In 2000, Misbakhova joined the klezmer group Kleztory, in which she presently plays violin. In 2004, Kleztory recorded for the Chandos Records (Great Britain) CD with I Musici de Montréal Chamber Orchestra and Yuli Turovsky. In 2007, Kleztory's album Nomade won the Opus Prize.

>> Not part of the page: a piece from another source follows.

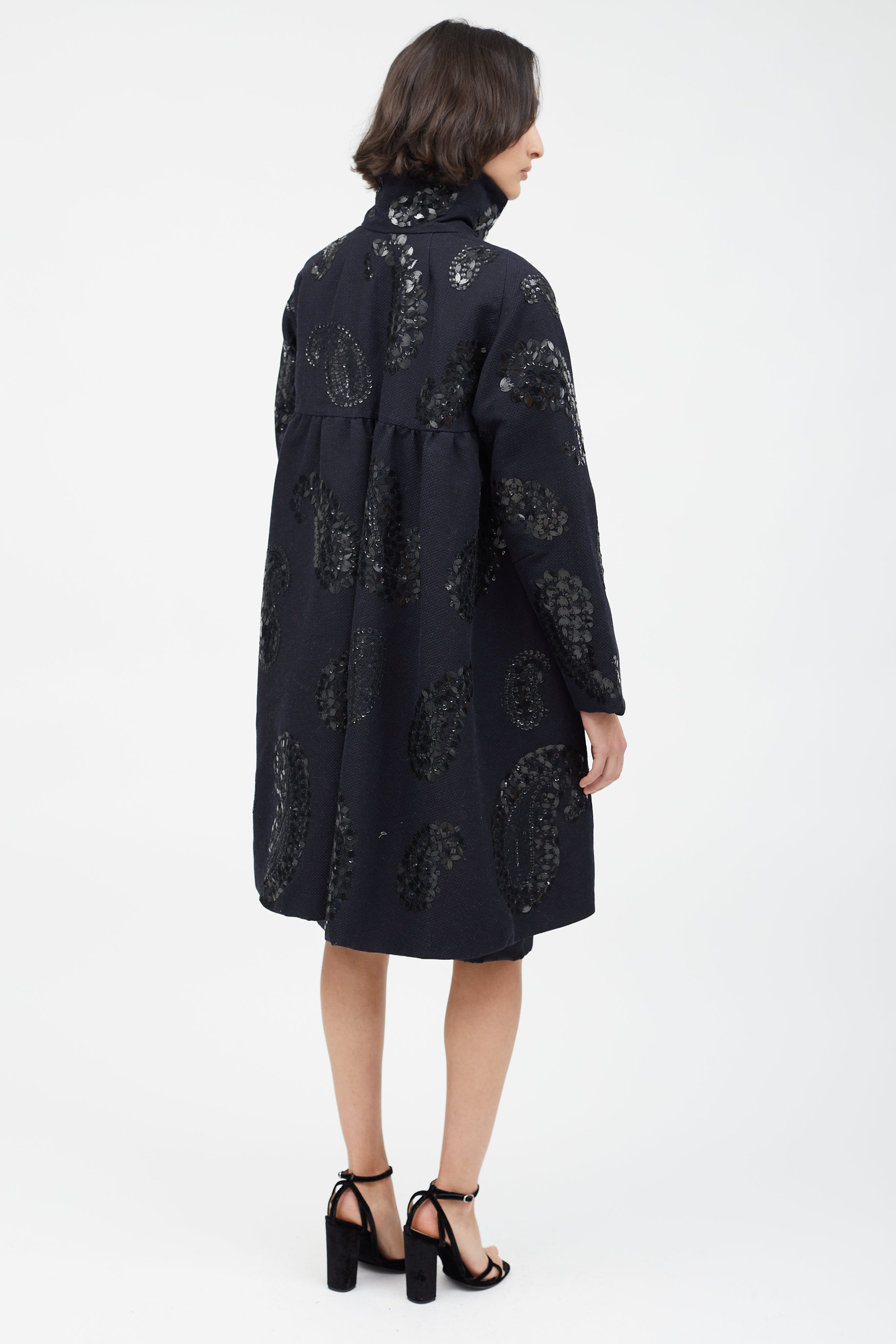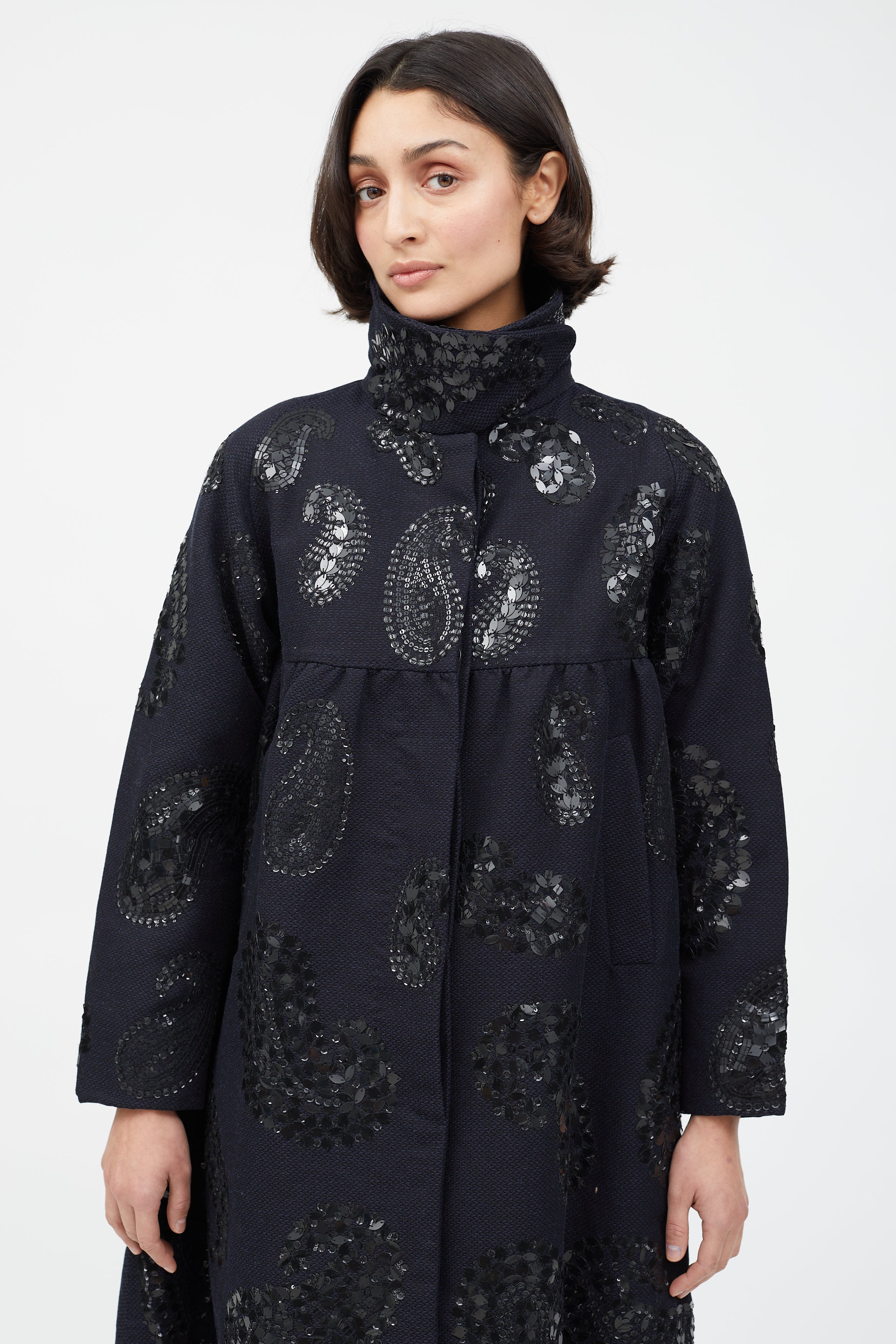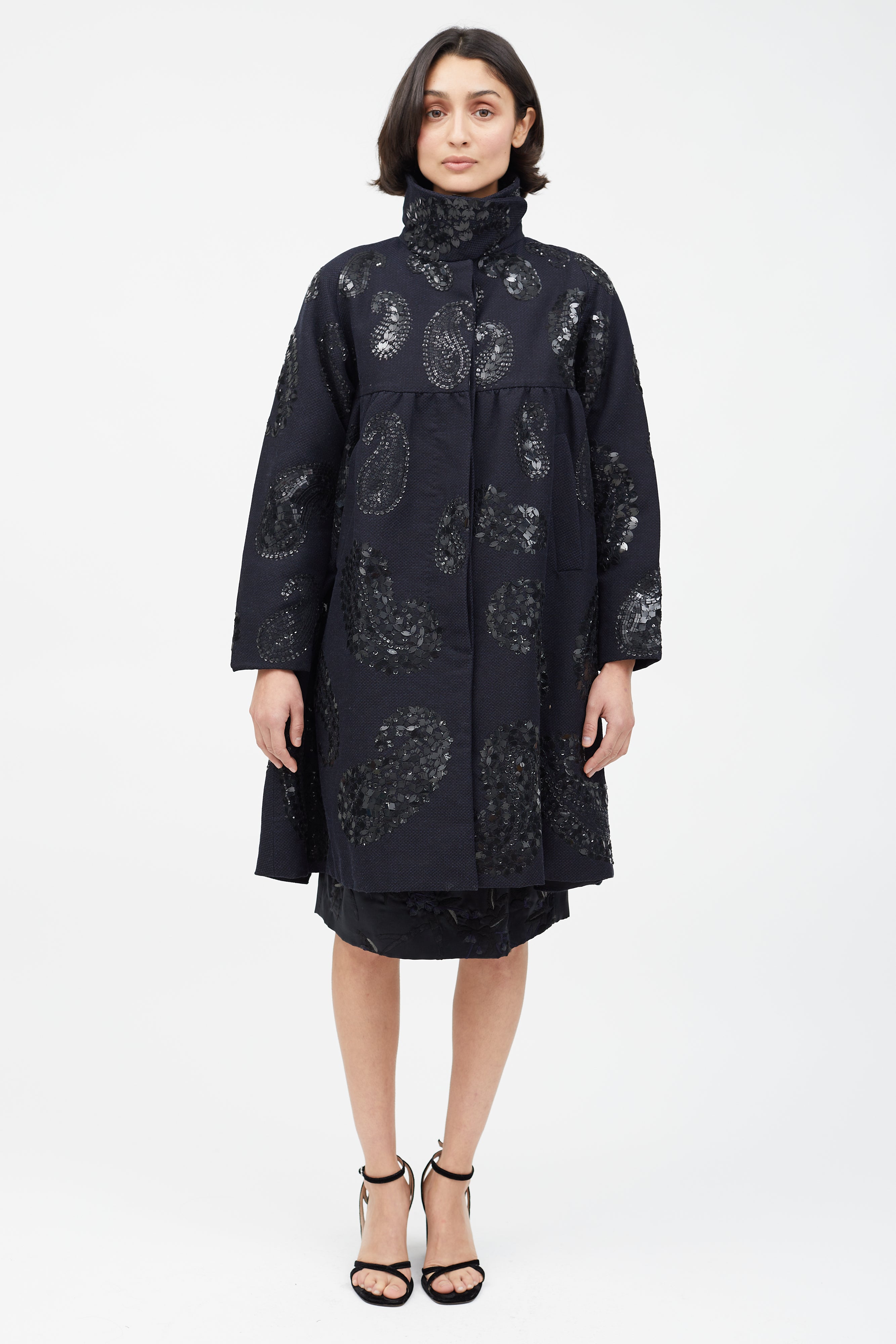 Pre-owned Dries Van Noten black coat featuring convertible collar with button fastening, concealed button up front, tonal sequin paisley embellishment throughout, empire waistline, and two hip pockets. Lined.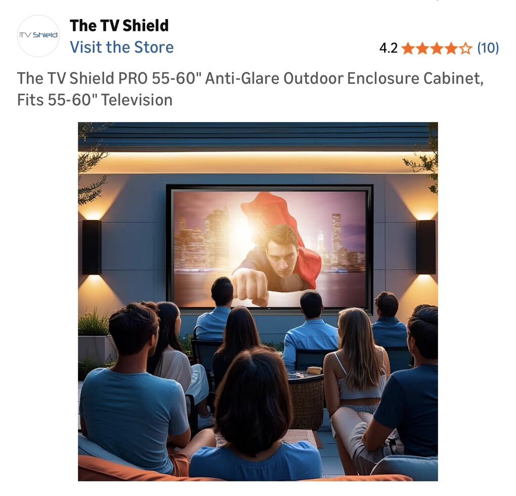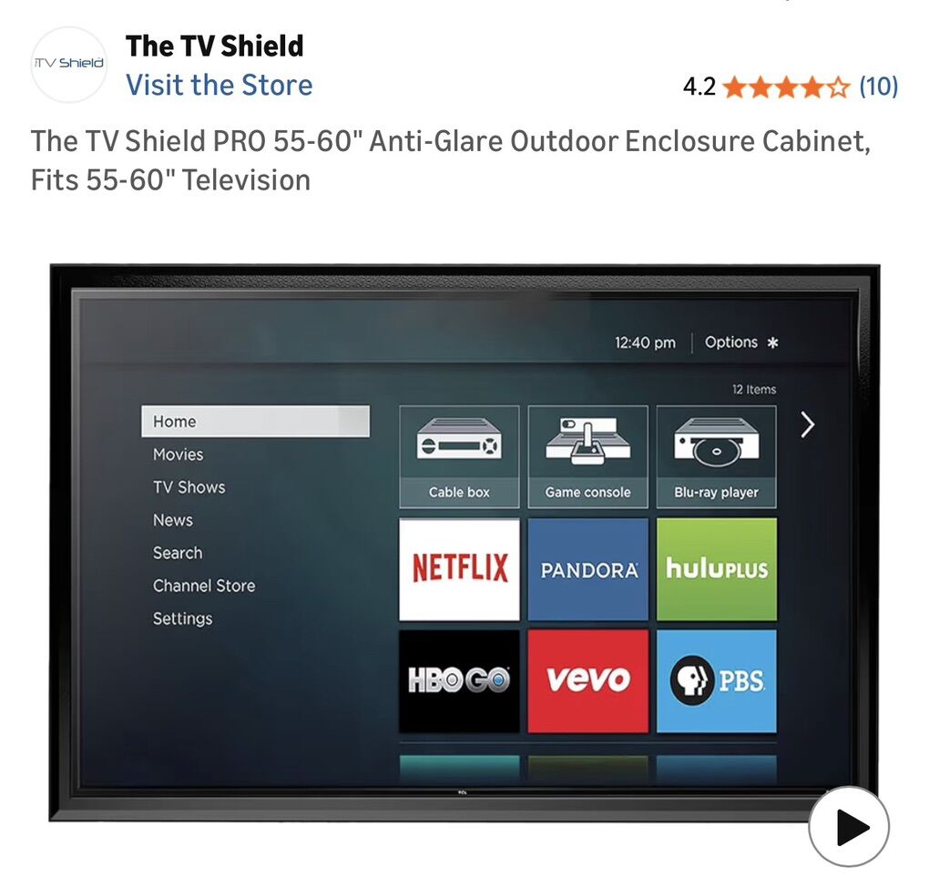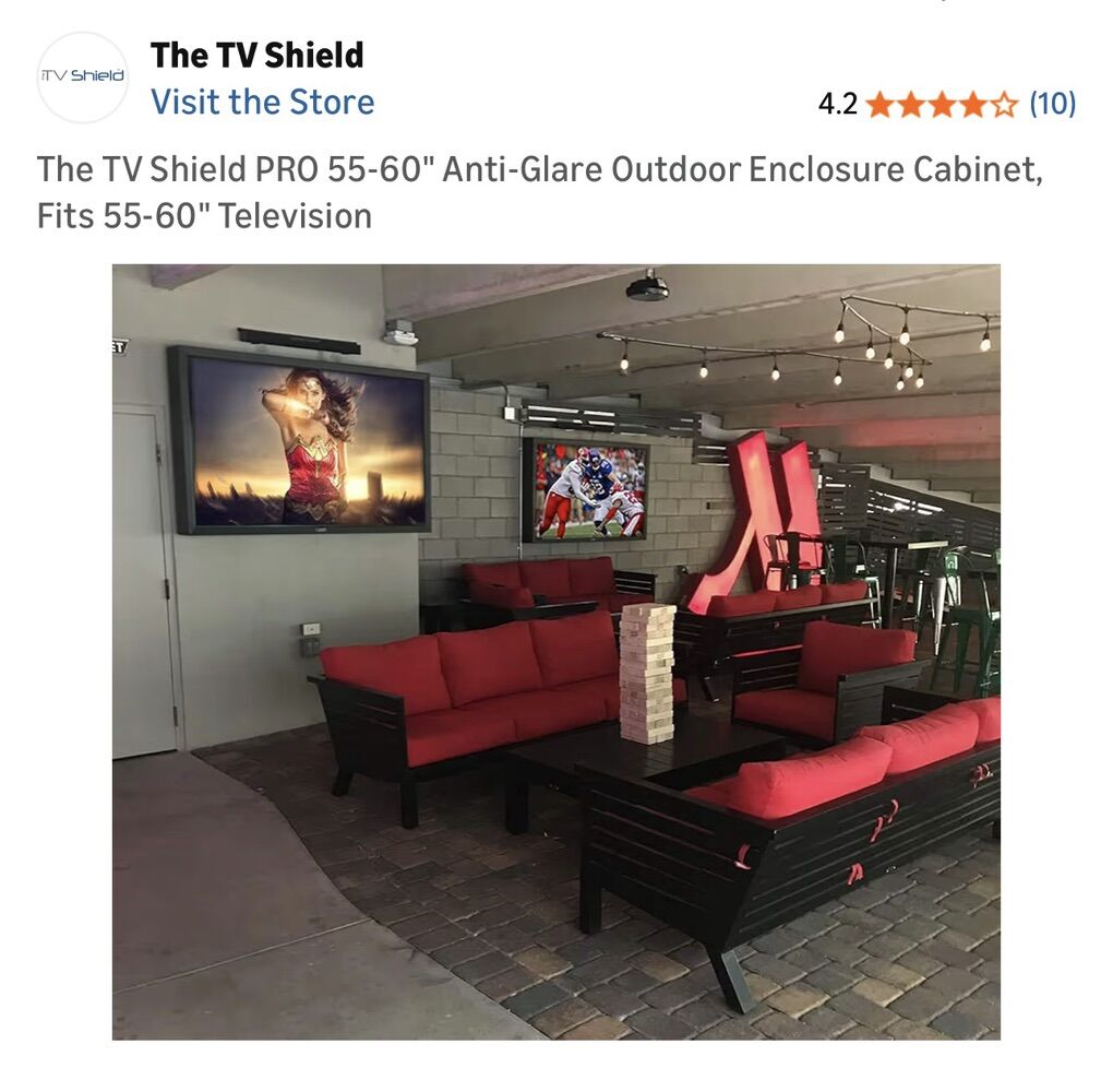 Description- Anti-glare, indoor/outdoor weatherproof, locking TV enclosure for 55-60” TVs. See photos for more product information and specifications.

Their most recent (2014) album Arrival was nominated as Best album of the year in the Traditional music category by ADISQ. In 2012, Kleztory won klezmer Furth Prize at the International Klezmer Festival and Competition in Amsterdam and as a result appeared at the Furth Klezmer Festival during the following spring. With Kleztory, Elvira Misbakhova has appeared as soloist with several orchestras, including the Montreal Symphony Orchestra, the Quebec Symphony Orchestra, I Musici de Montréal Chamber Orchestra, Les Violons du Roy, and Brussels Chamber Orchestra and toured extensively in Canada, USA, Brazil, Mexico, Costa Rica, Germany, the Netherlands, Austria, Romania, and China.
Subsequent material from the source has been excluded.